▶ [Task item]
With any pictures left out, restate word for word the lines in the listing below from the one holding "Reduction in FETO-related" through the last.

▶ [Records to process]
---------------

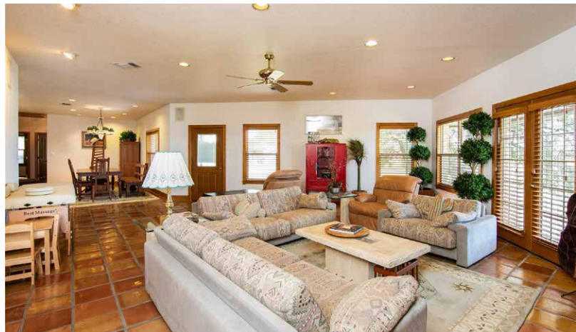
Living room in guest home.
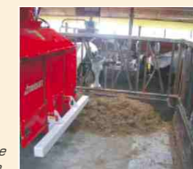
Cross conveyor belt at the back of the machine.
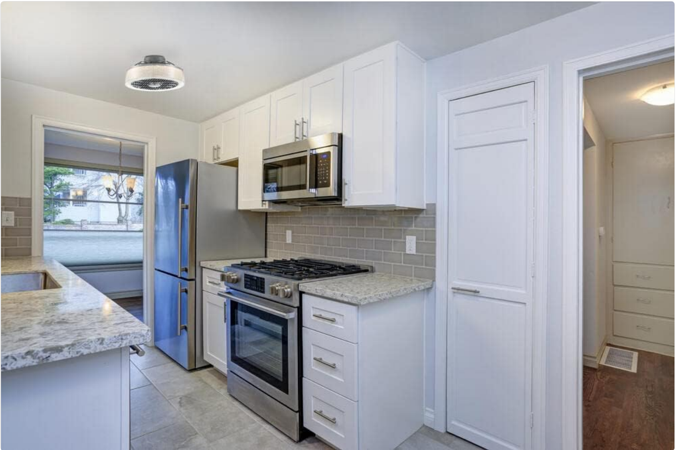
Image: The fandelier installed in a kitchen, demonstrating its versatility in various indoor environments.

(upward airflow). Refer to your remote for this feature.
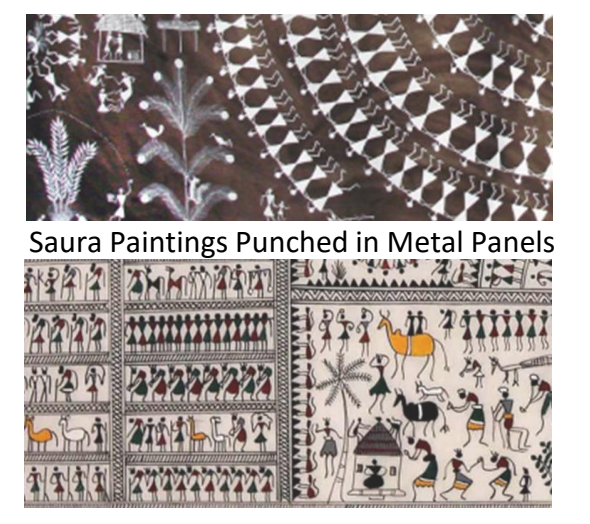
Saura Paintings Etched on Glass Panels
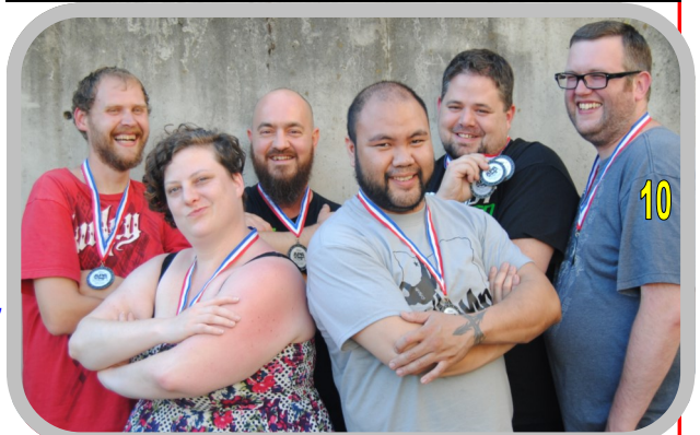
SILVER -- SLINGING AROUND
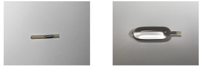
FIGURE 2 Smart-TO™ device, uninflated (left) and inflated with 0.7 mL saline (right). This is an experimental tracheal occlusion device with similar dimensions as the device used so far, but with a magnetic valve. This permits non-invasive opening of the valve by exposure to the fringe field of a clinical magnetic resonance imaging device. 41 [Colour figure can be viewed at wileyonlinelibrary.com ]

Reduction in FETO-related adverse outcomes could be achieved with technical improvements in endoscopy and occlusion devices. We aim to achieve further miniaturization of the endoscopes, but working on instrumentation has become increasingly difficult due to the (unintended) consequences of the new Medical Device Regulation in Europe. We have successfully completed preclinical studies with the “Smart-TO”-balloon (BS Medical Tech Industry, Niederroedern, France; Figure 2). 41 This balloon has a magnetic valve that opens by exposure to a strong magnetic field, that is the fringe field around an magnetic resonance imaging (MRI) scanner. After deflation, the balloon is either swallowed by the fetus or exits the mouth into the amniotic fluid. Tests in large animal models confirmed that this device
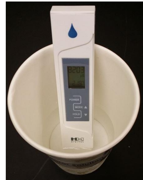
Figure 2. Electrical conductivity tester.

---------------

▶ [Response area]
Reduction in FETO-related adverse outcomes could be achieved with technical improvements in endoscopy and occlusion devices. We aim to achieve further miniaturization of the endoscopes, but working on instrumentation has become increasingly difficult due to the (unintended) consequences of the new Medical Device Regulation in Europe. We have successfully completed preclinical studies with the “Smart-TO”-balloon (BS Medical Tech Industry, Niederroedern, France; Figure 2). 41 This balloon has a magnetic valve that opens by exposure to a strong magnetic field, that is the fringe field around an magnetic resonance imaging (MRI) scanner. After deflation, the balloon is either swallowed by the fetus or exits the mouth into the amniotic fluid. Tests in large animal models confirmed that this device
Figure 2. Electrical conductivity tester.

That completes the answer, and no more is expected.